AIM OF THE EXERCISE:
What is needed is an exact copy of the listing, with no pictures in it.

DATA BLOCK:
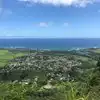 This is a great trail very close to the town of Kapaa. It is also known as the Nounou trail. It has a pretty rapid climb at first but there are beautiful ocean views! There is a small covered picnic table near the top. When you arrive at the top don't forget to take the small trail that goes to the left. There are some pretty awesome wind caves there! The trail is about 2 miles (4 round trip). Beautiful views at the top!
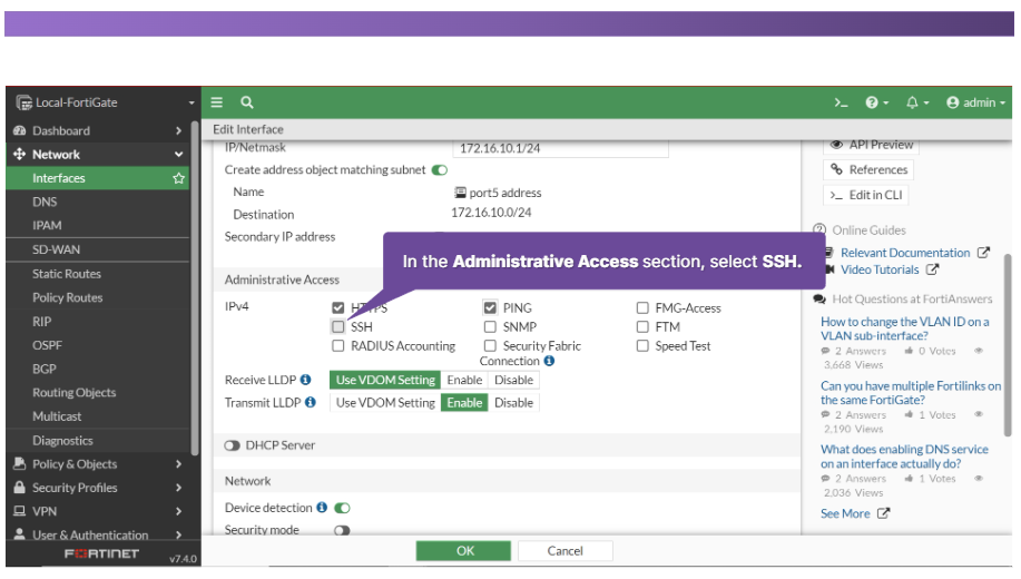 - 관리 액세스(Administrative access) : HTTPS, PING, SSH등 관리 목적으로 인터페이스에 연결하는데 사용할 수 있는 프로토콜입니다.
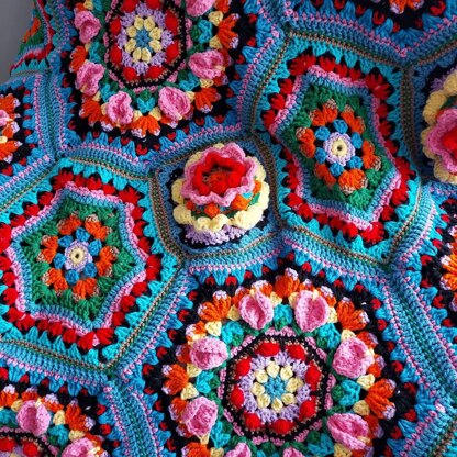 Bursting with folk-inspired granny patterns, Katie Jones' Casa Kahlo Blanket is a rainbow of colour encased in blues. Granny octogons and hexagons full of bobbles, hearts, clusters and overlay flowers are brought together with coloured seaming and this heavenly blanket of colour is the perfect antidote to low spirits and chilly afternoons.

SOLUTION:
 This is a great trail very close to the town of Kapaa. It is also known as the Nounou trail. It has a pretty rapid climb at first but there are beautiful ocean views! There is a small covered picnic table near the top. When you arrive at the top don't forget to take the small trail that goes to the left. There are some pretty awesome wind caves there! The trail is about 2 miles (4 round trip). Beautiful views at the top!
 - 관리 액세스(Administrative access) : HTTPS, PING, SSH등 관리 목적으로 인터페이스에 연결하는데 사용할 수 있는 프로토콜입니다.
 Bursting with folk-inspired granny patterns, Katie Jones' Casa Kahlo Blanket is a rainbow of colour encased in blues. Granny octogons and hexagons full of bobbles, hearts, clusters and overlay flowers are brought together with coloured seaming and this heavenly blanket of colour is the perfect antidote to low spirits and chilly afternoons.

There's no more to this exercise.